■ Work to be completed ■
Using only the entries below, output the lines starting at the one containing "Chunky Heart Font" and ending at the one containing "La commande arrive", exactly and inclusive of both, omitting the pictures.

■ Materials provided ■
---*---

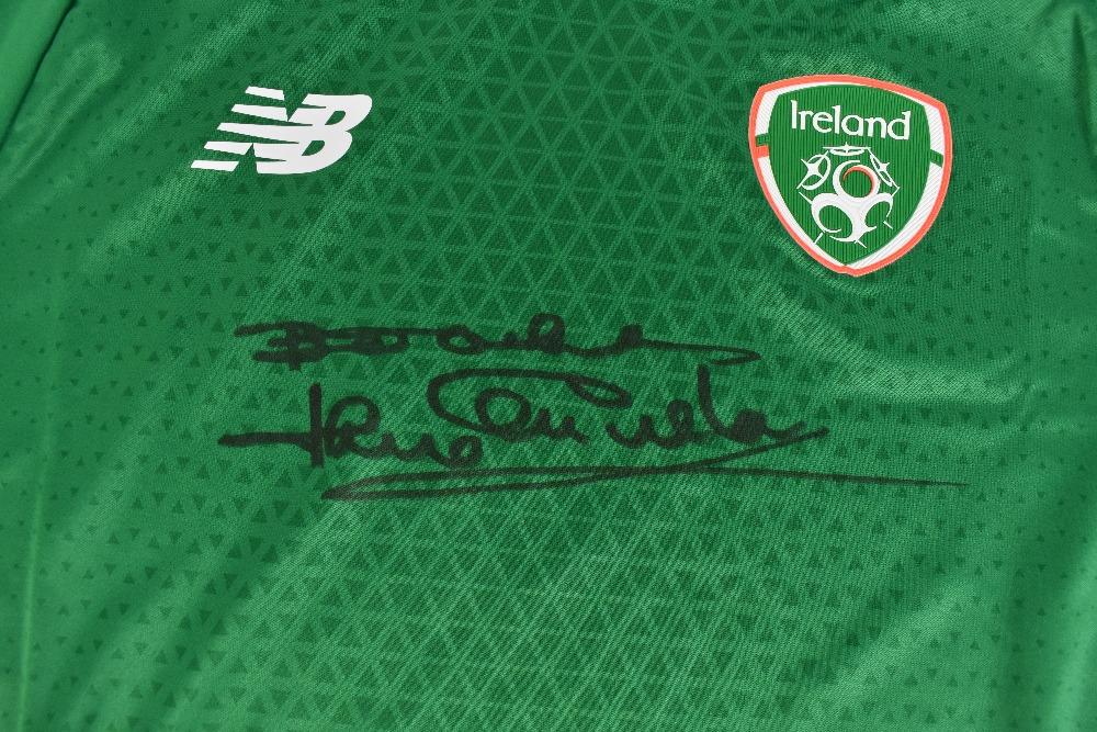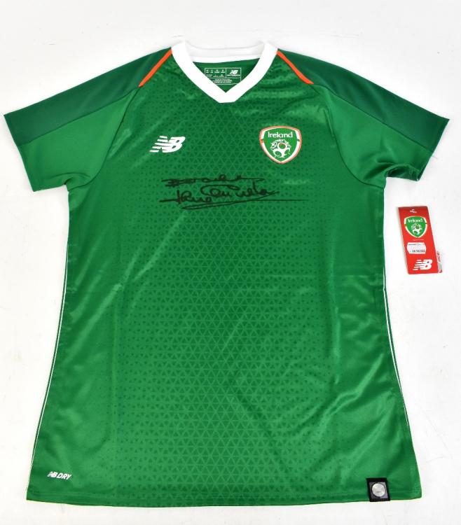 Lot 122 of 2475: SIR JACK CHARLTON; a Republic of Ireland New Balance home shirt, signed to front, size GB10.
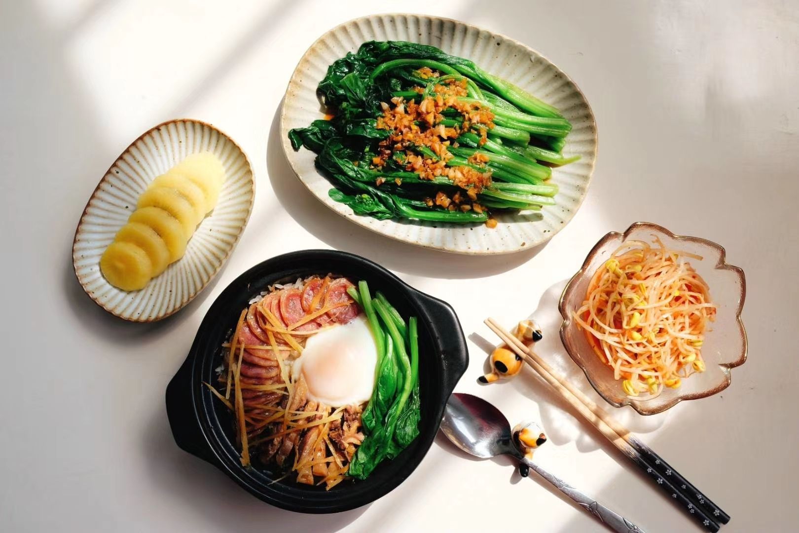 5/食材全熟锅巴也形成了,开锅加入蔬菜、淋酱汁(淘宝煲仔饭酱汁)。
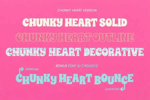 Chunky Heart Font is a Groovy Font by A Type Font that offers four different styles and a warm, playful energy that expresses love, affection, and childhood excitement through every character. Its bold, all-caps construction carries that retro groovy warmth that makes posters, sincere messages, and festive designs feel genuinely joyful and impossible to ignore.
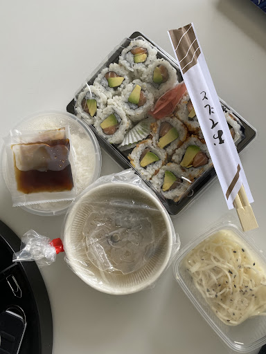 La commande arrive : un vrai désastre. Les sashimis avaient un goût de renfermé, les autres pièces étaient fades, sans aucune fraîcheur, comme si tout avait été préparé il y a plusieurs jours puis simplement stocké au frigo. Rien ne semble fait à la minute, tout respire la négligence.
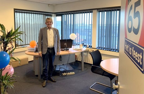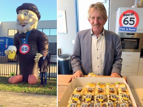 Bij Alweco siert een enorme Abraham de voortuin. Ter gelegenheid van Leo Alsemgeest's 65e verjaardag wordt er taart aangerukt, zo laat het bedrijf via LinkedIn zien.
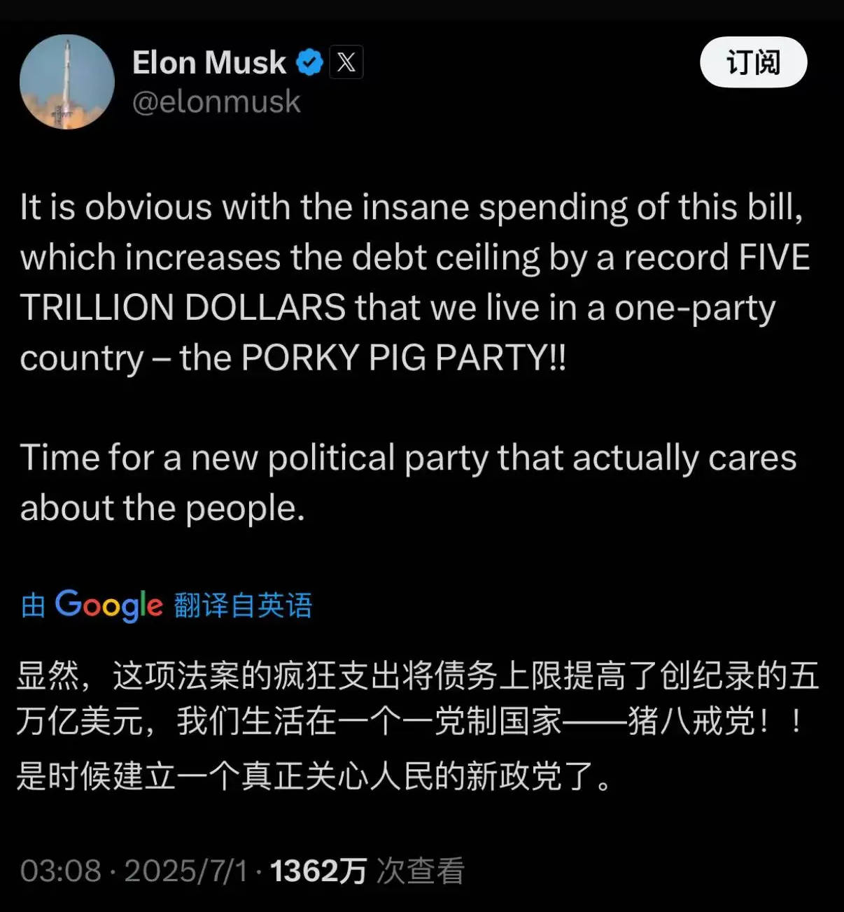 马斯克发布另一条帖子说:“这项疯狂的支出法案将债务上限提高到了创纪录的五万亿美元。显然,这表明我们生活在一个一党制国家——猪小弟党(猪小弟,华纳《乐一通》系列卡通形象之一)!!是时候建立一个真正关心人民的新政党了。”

---*---

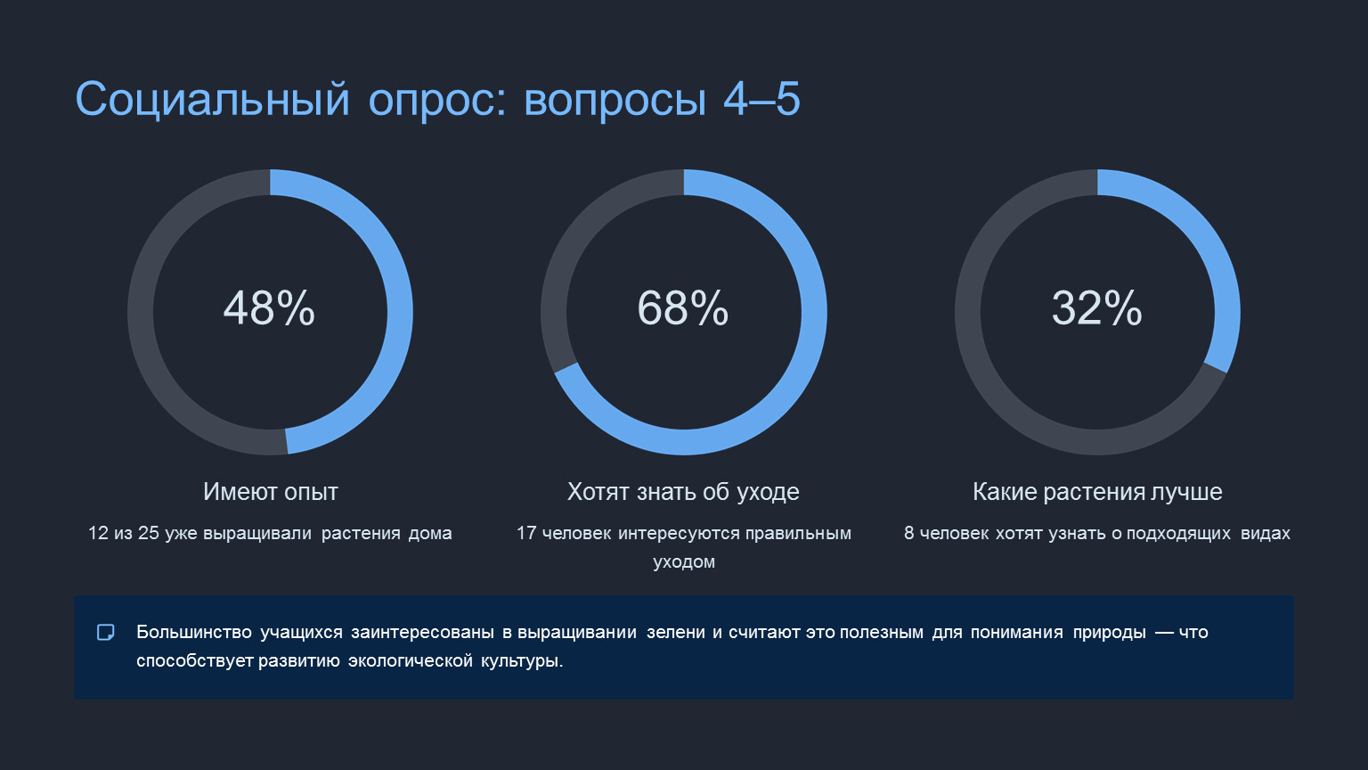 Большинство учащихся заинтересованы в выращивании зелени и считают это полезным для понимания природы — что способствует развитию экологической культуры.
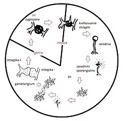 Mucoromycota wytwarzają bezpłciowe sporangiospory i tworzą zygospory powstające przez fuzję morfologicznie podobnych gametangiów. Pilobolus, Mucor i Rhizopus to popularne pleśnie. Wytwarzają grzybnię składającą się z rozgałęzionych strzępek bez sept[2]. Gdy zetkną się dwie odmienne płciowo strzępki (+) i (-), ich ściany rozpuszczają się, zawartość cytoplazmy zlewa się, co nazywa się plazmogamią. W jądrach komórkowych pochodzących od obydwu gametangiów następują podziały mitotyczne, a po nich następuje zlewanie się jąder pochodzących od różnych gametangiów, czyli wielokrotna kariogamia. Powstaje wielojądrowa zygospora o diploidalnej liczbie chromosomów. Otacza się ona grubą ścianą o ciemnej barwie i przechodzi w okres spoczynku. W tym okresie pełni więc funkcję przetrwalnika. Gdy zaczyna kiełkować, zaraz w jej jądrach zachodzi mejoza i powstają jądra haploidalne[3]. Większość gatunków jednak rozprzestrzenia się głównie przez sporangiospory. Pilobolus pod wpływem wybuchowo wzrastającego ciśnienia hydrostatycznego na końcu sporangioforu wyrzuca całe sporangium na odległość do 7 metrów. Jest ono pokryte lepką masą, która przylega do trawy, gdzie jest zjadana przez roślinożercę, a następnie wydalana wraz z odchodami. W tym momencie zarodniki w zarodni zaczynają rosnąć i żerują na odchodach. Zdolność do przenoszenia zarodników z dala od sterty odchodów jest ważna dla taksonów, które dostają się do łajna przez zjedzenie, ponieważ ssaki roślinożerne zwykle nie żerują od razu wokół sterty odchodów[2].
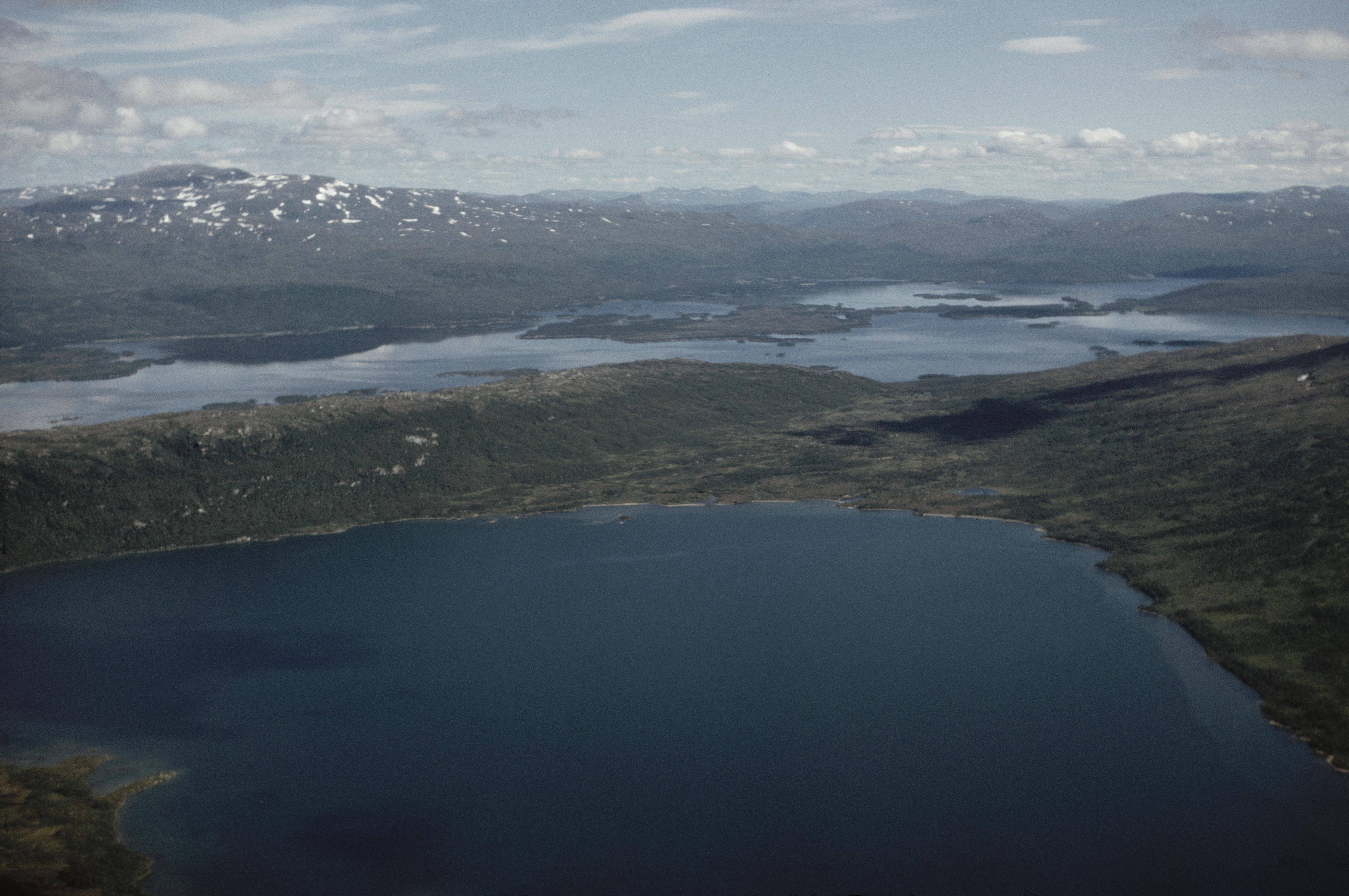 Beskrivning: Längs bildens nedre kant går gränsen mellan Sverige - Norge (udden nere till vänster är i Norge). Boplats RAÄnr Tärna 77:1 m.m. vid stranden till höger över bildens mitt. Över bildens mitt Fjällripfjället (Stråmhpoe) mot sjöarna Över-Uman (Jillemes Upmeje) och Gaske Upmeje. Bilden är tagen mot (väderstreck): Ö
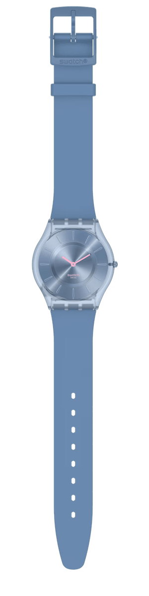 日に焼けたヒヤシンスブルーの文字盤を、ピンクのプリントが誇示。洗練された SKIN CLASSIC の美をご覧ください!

---*---

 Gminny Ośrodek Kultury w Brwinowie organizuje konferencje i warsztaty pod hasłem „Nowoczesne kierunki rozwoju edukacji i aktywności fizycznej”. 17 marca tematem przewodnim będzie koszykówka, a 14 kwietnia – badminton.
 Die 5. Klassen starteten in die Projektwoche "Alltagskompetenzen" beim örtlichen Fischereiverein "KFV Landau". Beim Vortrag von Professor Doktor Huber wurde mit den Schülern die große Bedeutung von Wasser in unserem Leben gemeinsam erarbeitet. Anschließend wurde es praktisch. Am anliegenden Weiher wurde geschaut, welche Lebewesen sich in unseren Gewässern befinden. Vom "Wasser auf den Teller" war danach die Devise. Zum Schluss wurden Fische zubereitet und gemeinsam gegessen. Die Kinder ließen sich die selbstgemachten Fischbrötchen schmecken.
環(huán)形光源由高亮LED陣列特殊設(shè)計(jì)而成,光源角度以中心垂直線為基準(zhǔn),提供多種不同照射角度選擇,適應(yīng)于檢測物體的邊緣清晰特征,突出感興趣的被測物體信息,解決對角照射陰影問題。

---*---

■ The completed task ■
 Chunky Heart Font is a Groovy Font by A Type Font that offers four different styles and a warm, playful energy that expresses love, affection, and childhood excitement through every character. Its bold, all-caps construction carries that retro groovy warmth that makes posters, sincere messages, and festive designs feel genuinely joyful and impossible to ignore.
 La commande arrive : un vrai désastre. Les sashimis avaient un goût de renfermé, les autres pièces étaient fades, sans aucune fraîcheur, comme si tout avait été préparé il y a plusieurs jours puis simplement stocké au frigo. Rien ne semble fait à la minute, tout respire la négligence.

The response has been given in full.